Other factors and MVMR
To further eliminate the potential for multiple effects, we manually searched through all IVs in Phenoscanner (http://www.phenoscanner.medschl.cam.ac.uk) to determine if they were associated with previously reported confounders(P < 5 × 10−8), such as smoking, air pollution, infections, occupational exposures, and immune dysfunction, among others. We found IVs related to smoking traits, which are closely associated with COPD [1]. We excluded these IVs of confounders in an additional model and re-analyzed the MR estimates to gain a more direct cause-effect association. Furthermore, MVMR was also conducted to minimize the correlated pleiotropy introduced by these confounders [23]. In MVMR, genetic signatures for smoking traits were obtained from a large GWAS, comprising up to 1.2 million European-descent participants, which included three smoking phenotypes: smoking initiation (n = 607,291), cigarettes per day(n = 337,334), and age of smoking initiation(n = 341,427) [24]. The summary genetic data on PM2.5 were obtained from the UK Biobank GWAS, which included 423,796 European participants. The study was based on the ESCAPE project (European Study of Cohorts for Air Pollution Effects), which used the LUR model to estimate PM2.5 pollution concentrations at the home addresses of study participants [25].
Reverse MR analysis
We also performed a reverse MR analysis to explore reverse causality. Significant reverse MR analysis indicated reverse causality from exposure (COPD) to outcome (asthma). The procedure for reverse MR analysis is the same as the MR analysis above.
Replication MR analysis
To validate the robustness, we replicated the IVW analysis using another independent COPD GWAS data from the MRC Integrative Epidemiology Unit (MRC-IEU). Genetic variants associated with COPD from the MRC-IEU consortium, which contained 1,658 COPD patients, 112,583 controls, as well as 9,851,867 SNPs.
Sensitivity analysis
Sensitivity analysis in MR studies has been crucial to detect potential genetic polymorphisms and the heterogeneity of MR estimates. Therefore, we further performed Cochran’s Q statistic, MR-Egger intercept tests, funnel pot, and leave-one-out (LOO) analyses to detect the presence of pleiotropy and assess the robustness of the results. Cochran’s Q test (P <0.05 indicates heterogeneity) and I2 statistic (I2 value > 50% indicates heterogeneity) were adopted to assess the heterogeneity among SNPs in IVW estimates. A value of P< 0.05 indicated significant heterogeneity in which case a random-effect model was applied to subsequent analyses [22,26–28]. All of the analyses were run by using the R package TwoSampleMR (version 0.5.6) in R (version 4.1.1).

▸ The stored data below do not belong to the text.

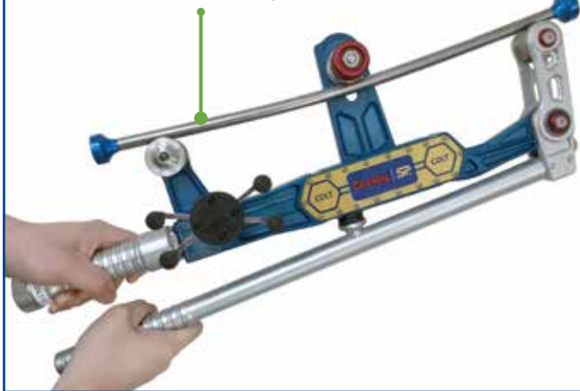
CVT (Calibration Verification Tool)

Specifications assume COLT used on a wire rope with a fixed and flexible end
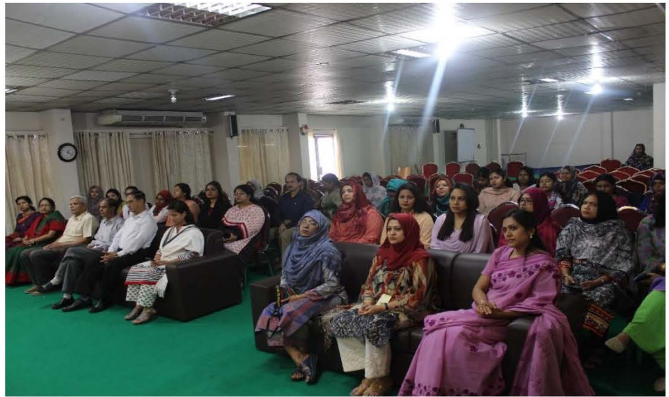
Seminar at BUHS on IWD celebration, 8 March, 2020 !
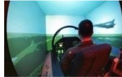
Distributed live, virtual constructive (LVC) capability
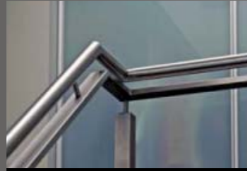
Balustrades & Handrails
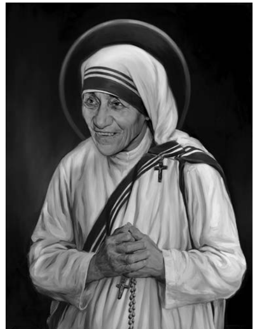
Painting by Chas Fagan
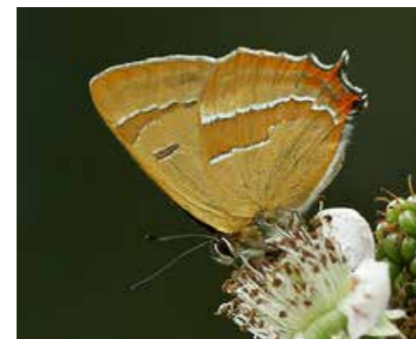
Brown hairstreak overwinters as eggs on blackthorn hedges
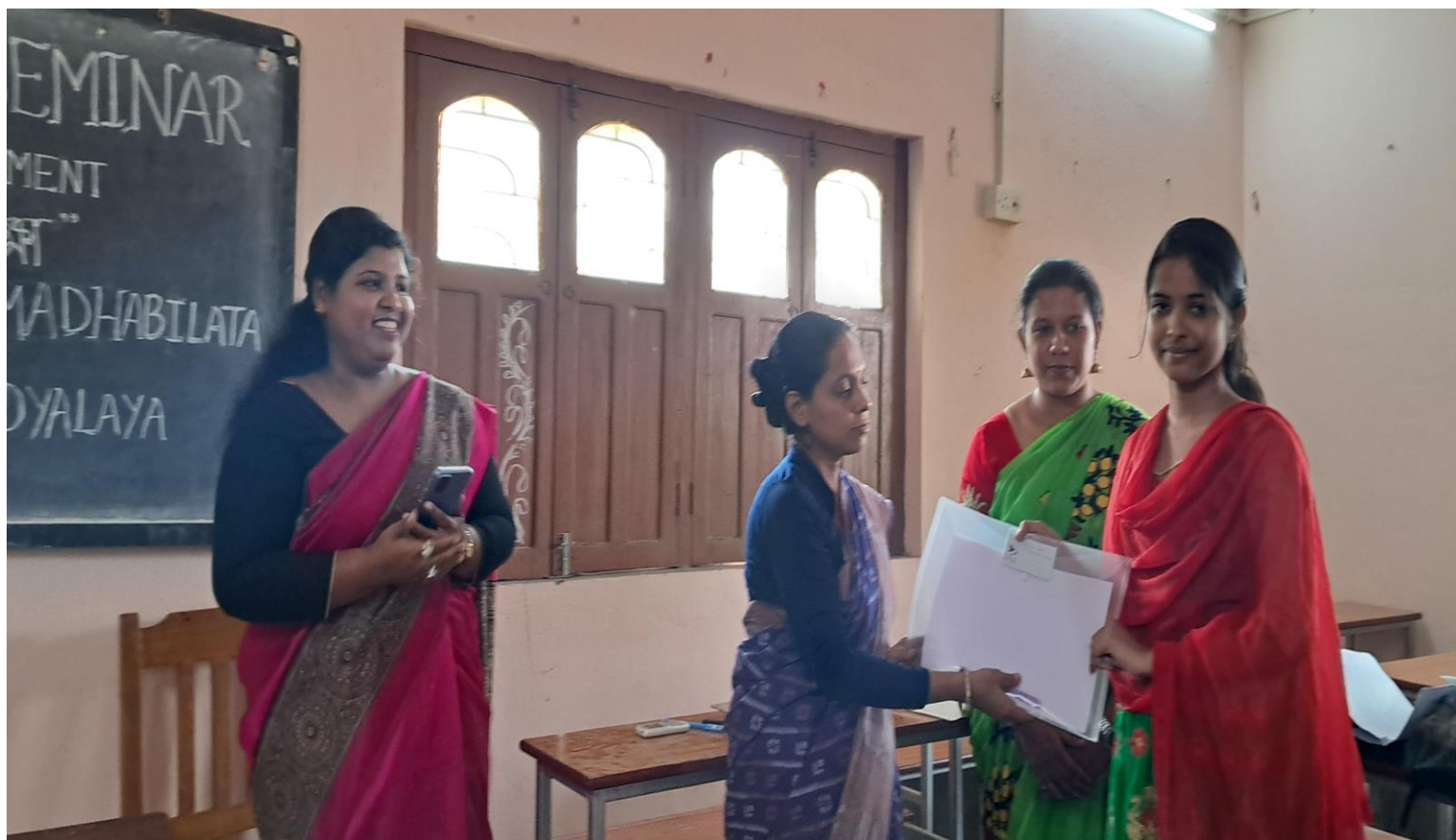
Students are being felicitated by the teachers
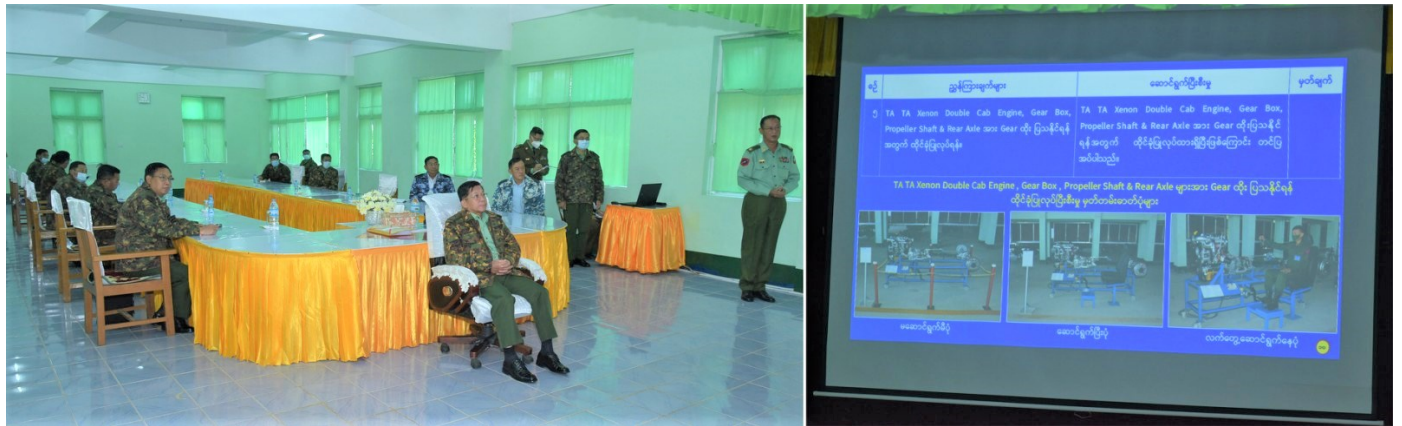
Director of Electrical and Mechanical Engineers reporting the upgrade tasks of the school
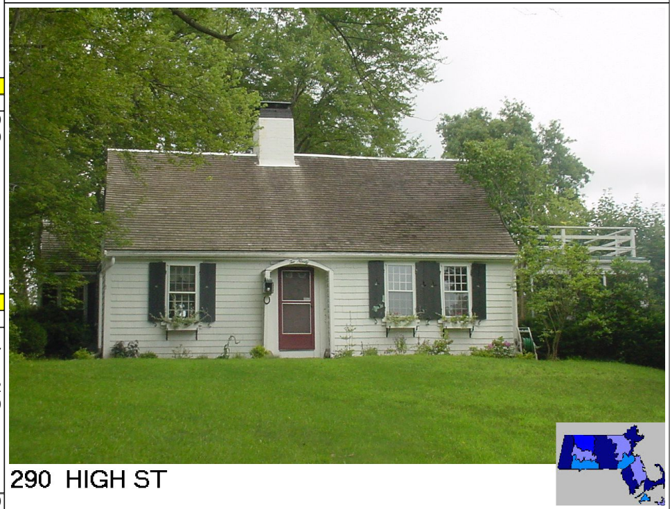
290 HIGH ST
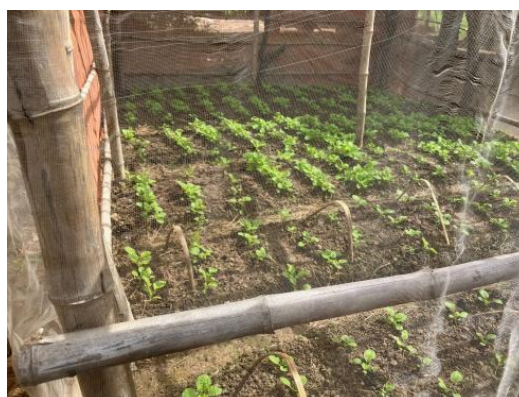
Photo 24. Leafy vegetable cultivation with plastic net for preventing pests (Prey Veng)

International Treaty on Plant Genetic Resources for Food and Agriculture (Table 3). We plan to multiply the obtained genetic resources and evaluate them during the following year.
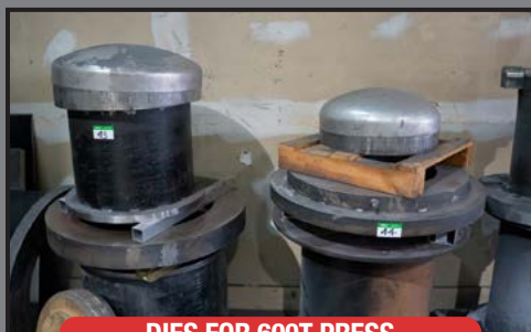
DIES FOR 600T PRESS
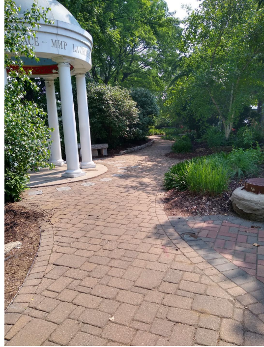
LaCrosse Riverside Park
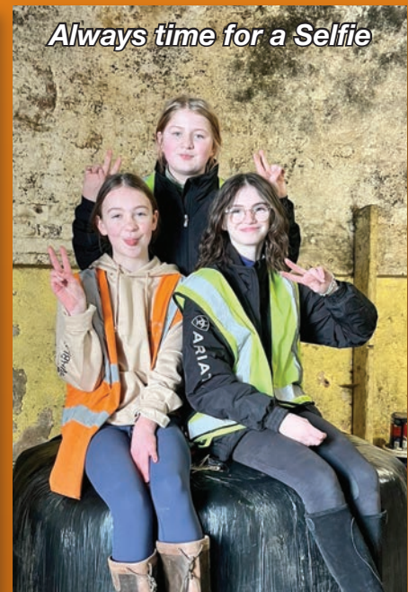
Always time for a Selfie
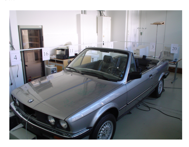
Figure 3. Driving simulator, surrounded by numbered sheets at eye level

during the simulation. Simulated traffic scenes are shown on a planar screen at a focal distance of 3 meters in front of the car driver. The HUD-based visualizations are shown by a second appropriately calibrated projector on the same screen <sup>1</sup>. The simulation covers a 50-degree visual field of view.
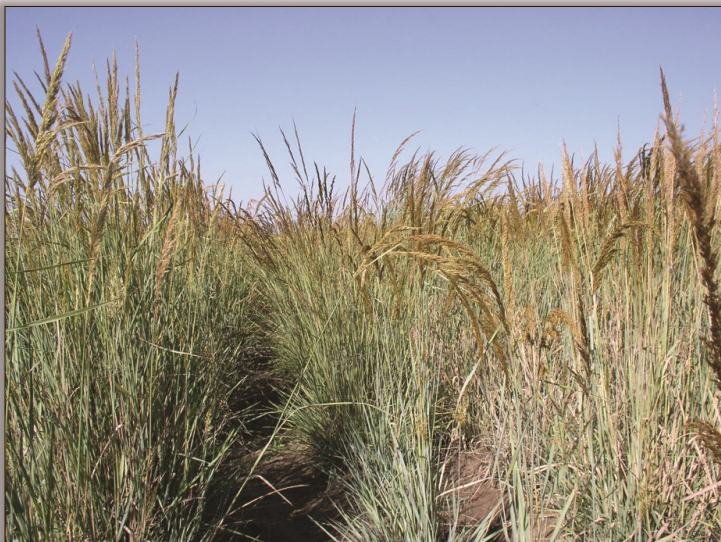
Only the best managed rangelands have significant stands of this nutritious grass.

Indiangrass, Sorghastrum nutans , is a perennial bunch grass that provides both cover and food for wildlife, and a valuable range indicator. It is a decreaser, meaning that with heavy grazing pressure it will decline. Only the best managed rangelands have significant stands of this nutritious grass. Indiangrass along with big bluestem ( Andropogon gerardii ), little bluestem ( Schizachyrium scoparium ) and switchgrass ( Panicum virgatum ) make up the four major grasses once found in the Tallgrass prairie that covered the central United States. Indiangrass will grow in a variety of soils including sandy and gravely disturbed sites but thrives best in rich bottomland areas with adequate moisture ranging from Canada to Mexico. It will survive periodic flooding but not prolonged saturation and thrives after being burned. The active growing period for this warm season grass starts in mid-spring, end of March to early May here in Texas. All warm season grasses like for the soil temperatures to be above 50 degrees Fahrenheit before germinating. It also makes a wonderful accent or ornamental grass for home landscaping. The clump will grow to about 1 ft in diameter and the blue green foliage remains about 3-4 ft until the fall when seed heads will shoot up. The plume-like seed heads have a metallic golden sheen sometimes turning a bronze color. These beautiful seed heads mature between September and November and make a stunning fall accent.

This study was reported in line with the Strengthening the Reporting of Observational Studies in Epidemiology using MR (STROBE-MR) guidance, with the checklist available in the Supporting information (S1 Table) [29].
Results
UVMR and sensitivity analysis
In the UVMR analysis, a total of 75 IVs were associated with the risk of COPD after a series of quality control steps. All F-values for inclusion of SNPs >10. As shown in Table 1, the primary results of IVW showed that asthma was positively associated with the risk of COPD (odds ratio (OR) = 1.27, 95% confidence interval (CI) = 1.16–1.39, P = 5.44×10−7). Meanwhile, similar risk estimates were obtained using the MR‐Egger regression (OR = 1.31, 95% CI = 1.03‐1.66, P = 0.0315) and weighted median approaches (OR = 1.29, 95% CI = 1.15‐1.45, P = 2.43×10−5) (Fig 2). The heterogeneity test detected some possible heterogeneity between individual SNP effect estimates(P = 0.0019) and therefore we choose the results of the IVW random effects. The funnel plot was symmetrical (Fig 3). LOO analysis also showed that the effect estimates were unaltered by any one variant (Fig 4). In addition, the MR-Egger regression intercept did not have significant evidence of horizontal pleiotropy.
Other factors and MVMR
Several factors may affect the association between asthma and the risk of COPD. To check the potential influence of confounding factors, we searched the Phenoscanner V2 website for the identified IVs with each type of association. Only one SNP (rs12165508) of asthma was associated with current smoking-related phenotypes. After removing the one SNP, the causality remained significant (IVW OR = 1.28, 95% CI = 1.16–1.40, P = 2.30×10−7). In the MVMR analysis, IVW estimates were consistent by the adjustments of smoking initiation (OR = 1.23, 95% CI = 1.11–1.36, P = 6.03×10−5), cigarettes per day (OR = 1.24, 95% CI = 1.10–1.39, P = 3.43×10−4), age of smoking initiation (OR = 1.26, 95% CI = 1.14–1.39, P = 9.09×10−6), PM 2.5 (OR = 1.26, 95% CI = 1.15–1.39, P = 1.34×10−6) and the combination of the above factors (OR = 1.22, 95% CI = 1.10–1.35, P = 1.19×10−4) (Table 2).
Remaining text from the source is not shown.